And so when you put those together, we could literally clamp RAS and just not allow it to resist, at least at the mutation level. So I'm going to do a deep dive on 15. I mentioned that this is a CYPA binder. So relative to 6236, the binding affinity for this molecule is 8 to 21-fold higher, which may enable more potent RAS inhibition. In fact, there's a lot of key benefits that arise from this higher binding affinity, including potency, tumor residence time, and other attributes that I'll show you. That, in addition to the PK benefits, really the totality of the data are quite exciting. So when it comes to the cell growth inhibition assays, you could see in the middle column the cell growth inhibition with 15. In gray, you could see CGI with 6236.

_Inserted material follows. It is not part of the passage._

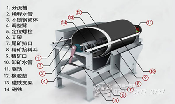 鈉長石磁選機在工作時,礦漿經(jīng)給礦箱流入槽體后,在給礦噴水管的水流作用下,礦粒呈松散狀態(tài)進入槽體的給礦區(qū)。在磁場的作用下,磁性礦粒發(fā)生磁聚而形成磁團或磁鏈,其磁團或磁鏈在礦漿中受磁力作用,向磁極運動,被吸附在圓筒上。由于磁極交替而產(chǎn)生磁攪拌現(xiàn)象,被夾雜在磁團或磁鏈中的脈石等非磁性礦物在翻動中脫落下來,隨后被吸在圓筒表面的磁團或磁鏈即是精礦。精礦隨圓筒轉到磁系邊緣磁力較弱處,在卸礦水管噴出的沖洗水流作用下被卸到精礦槽中。非磁性或弱磁性礦物被留在礦漿中隨礦漿排出槽外,即是尾礦。
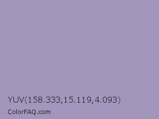 YUV 158.333,15.119,4.093 Color is a light indigo color and the nearest color is Amethyst Smoke #a397b4. Hex code #a396bd and RGB value is rgb(163,150,189). In RGB color space, this color is composed of 64% red, 59% green, 74% blue, In CMYK color space, this color is composed of 14% cyan, 21% magenta, 0% yellow , 26% black , In HSL color space, this color has a hue angle of 260° , 23% saturation and 66% lightness.

Then the rightmost column highlighted in blue, you could see the fold potency of 15 versus 6236. And you can see as high as 13-fold higher potency in certain cell lines for 15 versus 6236. Even in areas where there is equipotency observed, for instance, in the PK59 cell line, in vivo, it tells a different story. So you saw equipotency. I'm going to show you a series of slides that show you the TGI growth curves on the left, the body weight change in the middle. And then these are for you to digest on your own. The TGI summary on the right really will draw your attention to the key points on these slides. And so, for instance, in this PK59 model where equipotent CGI was observed, RMC required 3 MPK to achieve tumor regression.

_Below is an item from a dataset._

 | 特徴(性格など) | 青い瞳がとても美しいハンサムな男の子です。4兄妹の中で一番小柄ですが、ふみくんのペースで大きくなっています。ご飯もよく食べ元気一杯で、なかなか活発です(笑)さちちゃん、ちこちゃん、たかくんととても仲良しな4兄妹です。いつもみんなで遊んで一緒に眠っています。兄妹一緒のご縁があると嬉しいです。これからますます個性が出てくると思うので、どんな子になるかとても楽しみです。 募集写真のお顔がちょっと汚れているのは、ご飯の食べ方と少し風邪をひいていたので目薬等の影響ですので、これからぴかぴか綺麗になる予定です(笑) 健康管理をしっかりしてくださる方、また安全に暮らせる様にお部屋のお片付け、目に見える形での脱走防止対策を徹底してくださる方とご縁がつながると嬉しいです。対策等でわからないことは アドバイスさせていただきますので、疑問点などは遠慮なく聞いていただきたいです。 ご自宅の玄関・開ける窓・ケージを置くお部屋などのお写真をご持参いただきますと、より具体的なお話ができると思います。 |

But if you look at 15, an impressively low 0.3 MPK was required to achieve the same degree of TGI, translating into a 10-fold higher potency advantage. So that's the message from this cell line. And then I'm just going to show you a number of different models where this translates. H727 is what Ryan Corcoran on our SAB would refer to as a bellwether model. So this is where good pan-RAS and pan-KRAS molecules go to die because it's just so intractable. It's a G12V non-small cell lung cancer model called NCI-H727. And RMC-6236 shows very good tumor regression at 10 MPK, which is impressive, but ERAS-0015 requires only 1 MPK, which is just amazing in this bellwether model. Similarly, in a CRC G12V model, it requires 25 MPK of RMC versus just 3 MPK for about an eight-fold higher potency advantage.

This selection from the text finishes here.